- _DIRECTIONS FOR THIS TASK_: What are the lines below, starting at the line containing "موضوع: تعیین تکلیف" and ending at the line containing "Sakarya Üniversitesi Jeofizik"? Write them out exactly, ends included, without pictures.
—————
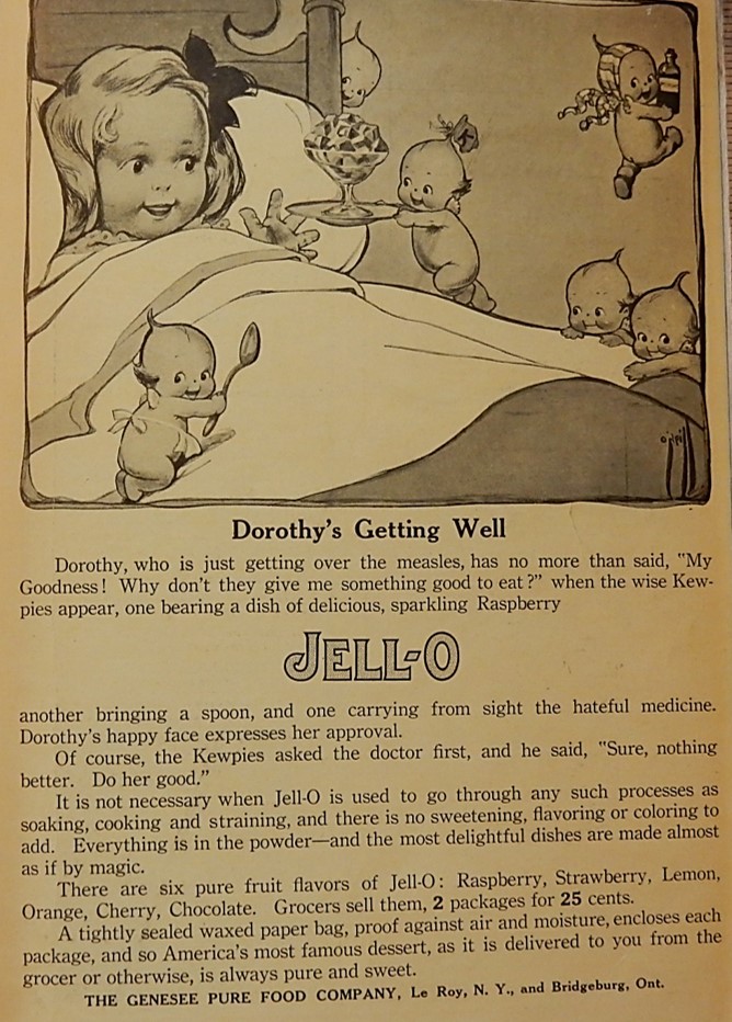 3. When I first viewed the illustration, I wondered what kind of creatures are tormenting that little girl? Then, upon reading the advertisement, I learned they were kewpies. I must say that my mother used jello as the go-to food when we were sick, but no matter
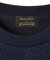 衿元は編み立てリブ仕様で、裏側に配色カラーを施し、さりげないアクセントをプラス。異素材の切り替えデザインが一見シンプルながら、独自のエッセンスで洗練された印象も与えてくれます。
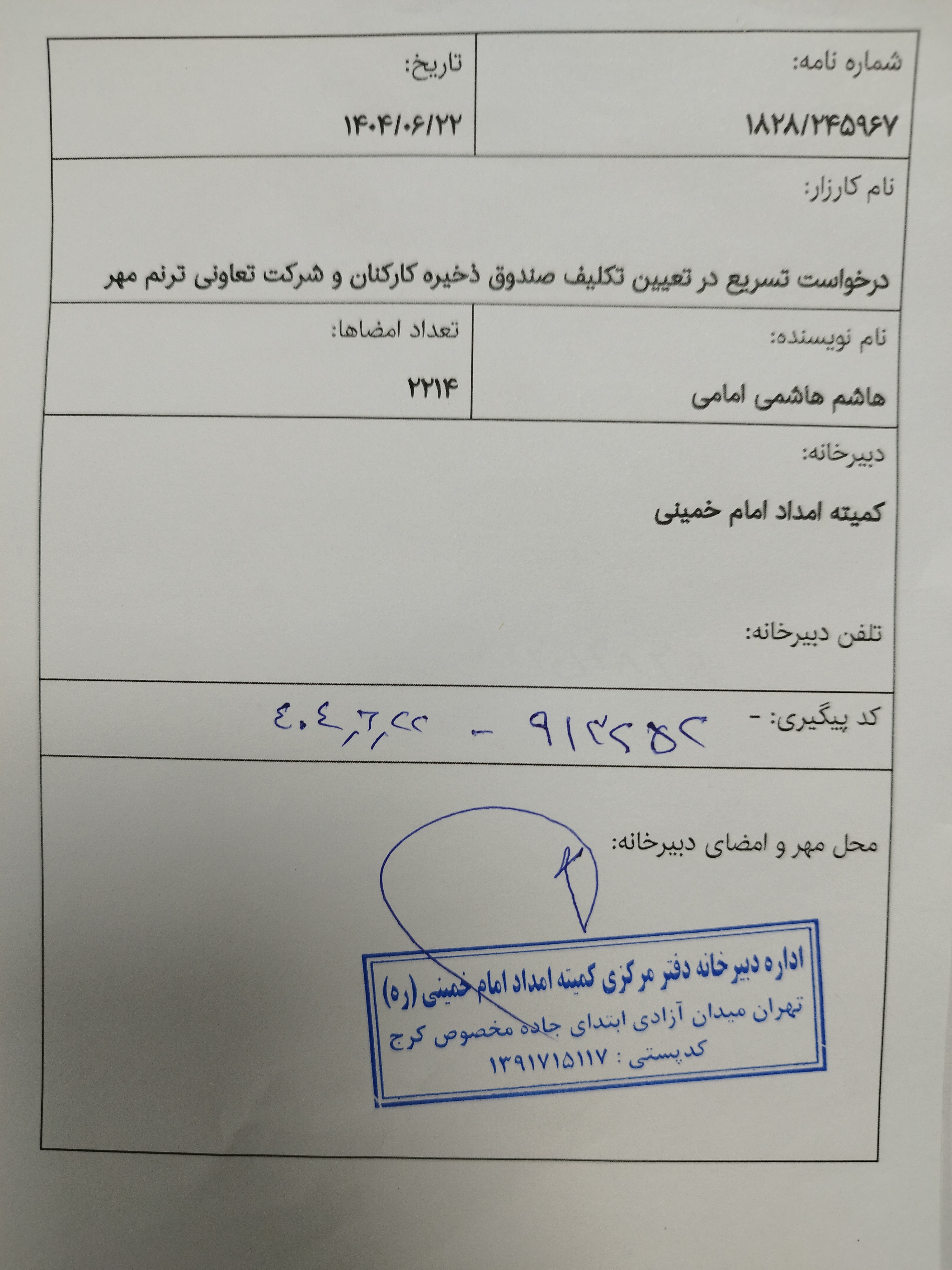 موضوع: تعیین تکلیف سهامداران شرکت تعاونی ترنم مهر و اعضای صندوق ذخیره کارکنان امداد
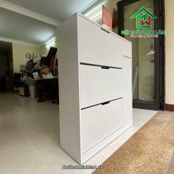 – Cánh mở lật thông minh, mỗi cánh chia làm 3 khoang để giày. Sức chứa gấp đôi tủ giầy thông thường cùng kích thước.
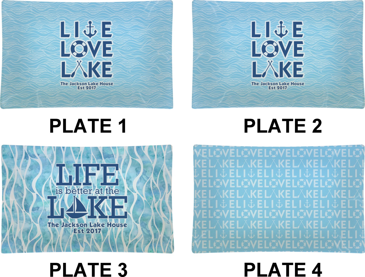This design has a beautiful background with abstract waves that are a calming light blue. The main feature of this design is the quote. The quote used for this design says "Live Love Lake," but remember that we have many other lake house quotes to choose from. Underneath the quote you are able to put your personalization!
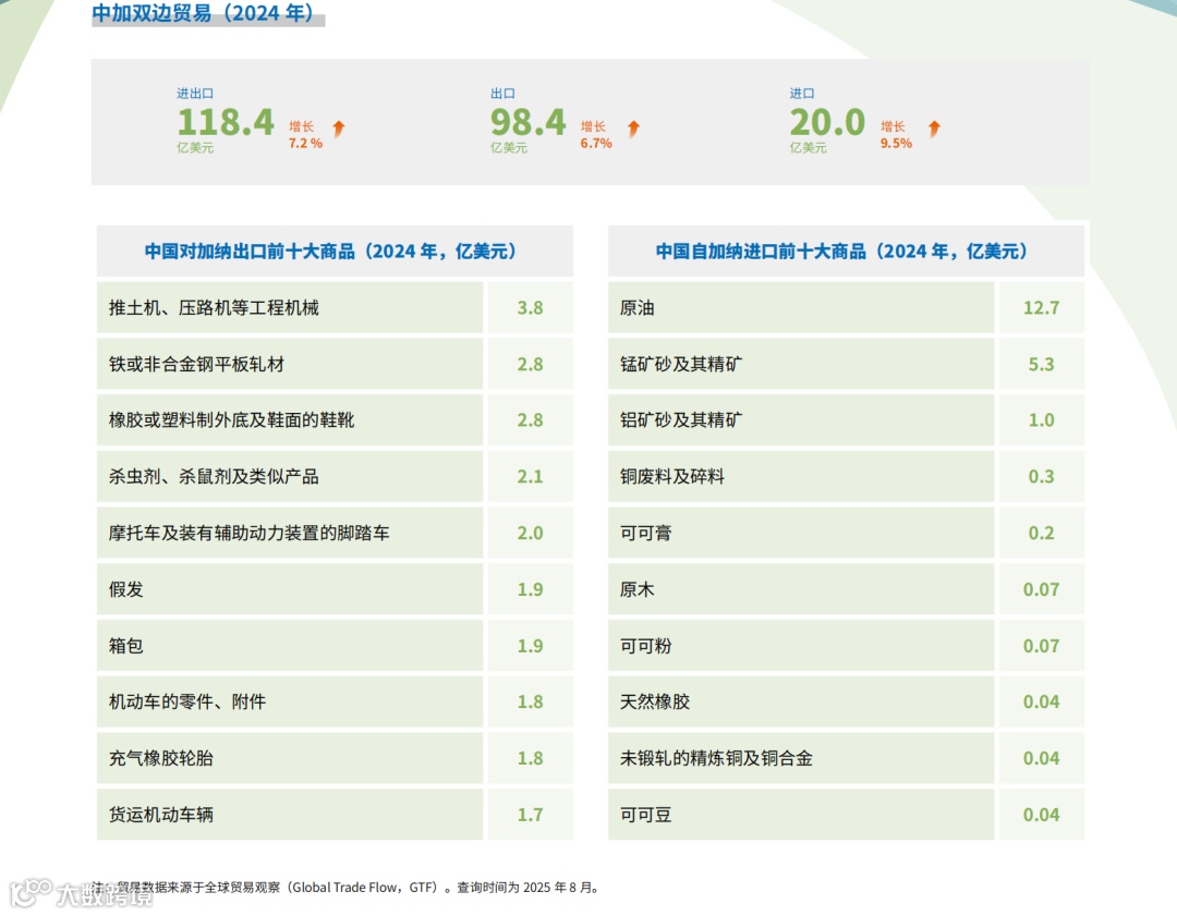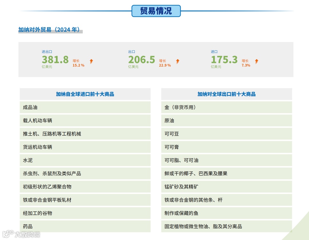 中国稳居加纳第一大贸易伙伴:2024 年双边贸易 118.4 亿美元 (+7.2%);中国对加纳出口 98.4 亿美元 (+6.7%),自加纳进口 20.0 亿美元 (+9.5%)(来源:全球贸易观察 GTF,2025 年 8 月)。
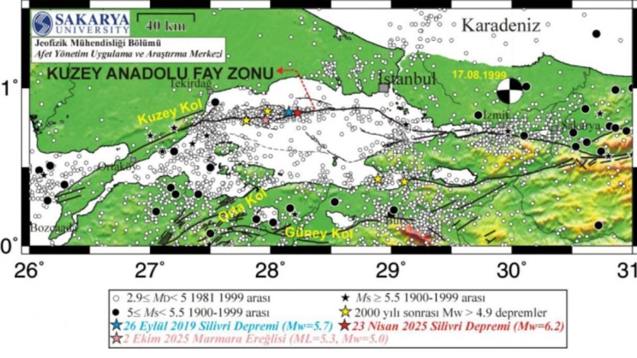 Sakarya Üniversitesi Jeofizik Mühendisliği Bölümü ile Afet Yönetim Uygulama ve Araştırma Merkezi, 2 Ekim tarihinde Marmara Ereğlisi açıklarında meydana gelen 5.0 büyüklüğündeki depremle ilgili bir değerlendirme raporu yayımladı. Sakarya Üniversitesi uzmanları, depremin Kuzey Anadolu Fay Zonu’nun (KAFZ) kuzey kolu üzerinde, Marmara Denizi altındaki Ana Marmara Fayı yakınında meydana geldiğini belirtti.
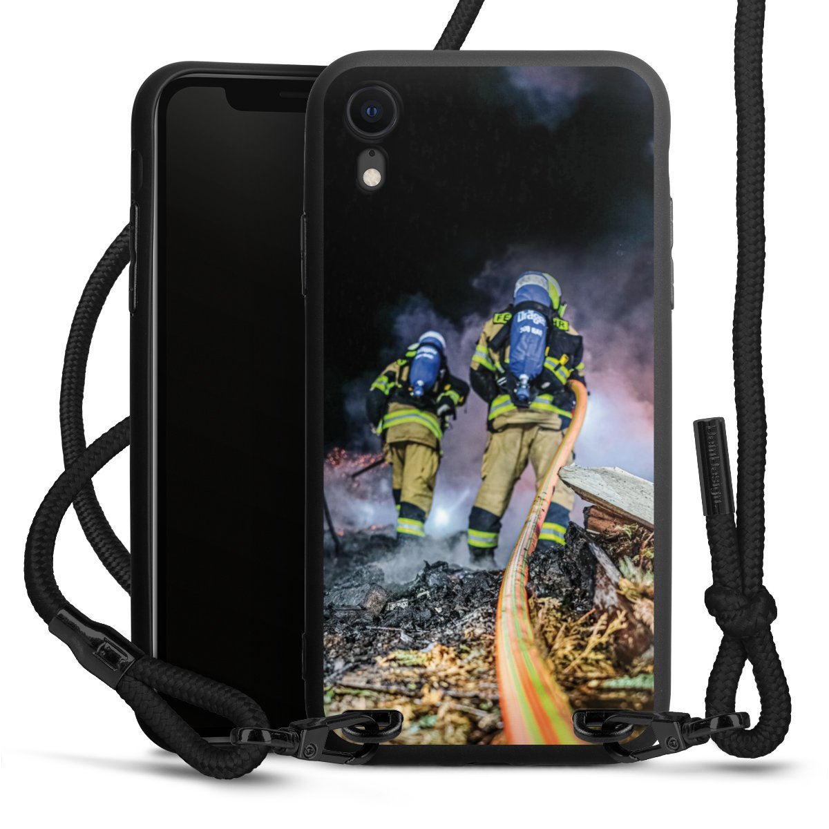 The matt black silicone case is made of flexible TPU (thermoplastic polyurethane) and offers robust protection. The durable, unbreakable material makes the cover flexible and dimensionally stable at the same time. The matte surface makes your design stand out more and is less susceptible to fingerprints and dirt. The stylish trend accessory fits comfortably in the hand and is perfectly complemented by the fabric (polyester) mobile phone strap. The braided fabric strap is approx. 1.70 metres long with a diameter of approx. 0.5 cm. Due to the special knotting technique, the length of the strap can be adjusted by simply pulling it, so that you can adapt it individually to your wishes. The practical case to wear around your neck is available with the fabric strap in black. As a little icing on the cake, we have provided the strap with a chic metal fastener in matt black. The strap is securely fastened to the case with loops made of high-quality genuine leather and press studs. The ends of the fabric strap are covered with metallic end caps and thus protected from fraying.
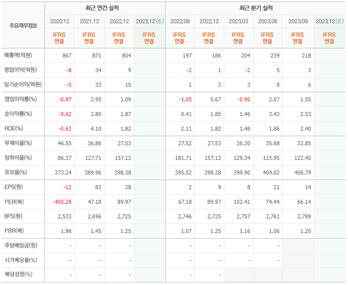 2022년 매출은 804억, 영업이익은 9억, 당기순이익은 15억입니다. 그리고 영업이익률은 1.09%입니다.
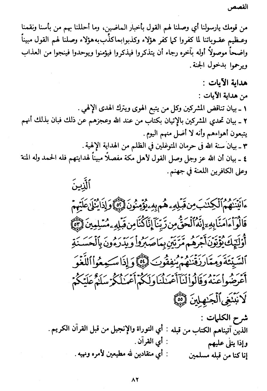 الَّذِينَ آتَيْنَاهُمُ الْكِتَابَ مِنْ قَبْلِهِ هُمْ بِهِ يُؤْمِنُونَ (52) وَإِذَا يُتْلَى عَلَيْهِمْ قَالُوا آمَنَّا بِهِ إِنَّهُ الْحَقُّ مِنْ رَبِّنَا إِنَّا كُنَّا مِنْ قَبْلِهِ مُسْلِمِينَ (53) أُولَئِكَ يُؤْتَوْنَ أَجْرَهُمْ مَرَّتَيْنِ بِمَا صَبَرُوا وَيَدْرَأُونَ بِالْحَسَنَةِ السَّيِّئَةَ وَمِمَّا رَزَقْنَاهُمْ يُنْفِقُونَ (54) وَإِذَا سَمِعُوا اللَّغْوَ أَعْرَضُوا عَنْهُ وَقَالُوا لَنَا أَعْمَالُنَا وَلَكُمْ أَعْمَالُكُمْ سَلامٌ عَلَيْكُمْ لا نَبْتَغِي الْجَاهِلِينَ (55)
—————
- _EXPECTED ANSWER_:
 موضوع: تعیین تکلیف سهامداران شرکت تعاونی ترنم مهر و اعضای صندوق ذخیره کارکنان امداد
 – Cánh mở lật thông minh, mỗi cánh chia làm 3 khoang để giày. Sức chứa gấp đôi tủ giầy thông thường cùng kích thước.
This design has a beautiful background with abstract waves that are a calming light blue. The main feature of this design is the quote. The quote used for this design says "Live Love Lake," but remember that we have many other lake house quotes to choose from. Underneath the quote you are able to put your personalization!
 中国稳居加纳第一大贸易伙伴:2024 年双边贸易 118.4 亿美元 (+7.2%);中国对加纳出口 98.4 亿美元 (+6.7%),自加纳进口 20.0 亿美元 (+9.5%)(来源:全球贸易观察 GTF,2025 年 8 月)。
 Sakarya Üniversitesi Jeofizik Mühendisliği Bölümü ile Afet Yönetim Uygulama ve Araştırma Merkezi, 2 Ekim tarihinde Marmara Ereğlisi açıklarında meydana gelen 5.0 büyüklüğündeki depremle ilgili bir değerlendirme raporu yayımladı. Sakarya Üniversitesi uzmanları, depremin Kuzey Anadolu Fay Zonu’nun (KAFZ) kuzey kolu üzerinde, Marmara Denizi altındaki Ana Marmara Fayı yakınında meydana geldiğini belirtti.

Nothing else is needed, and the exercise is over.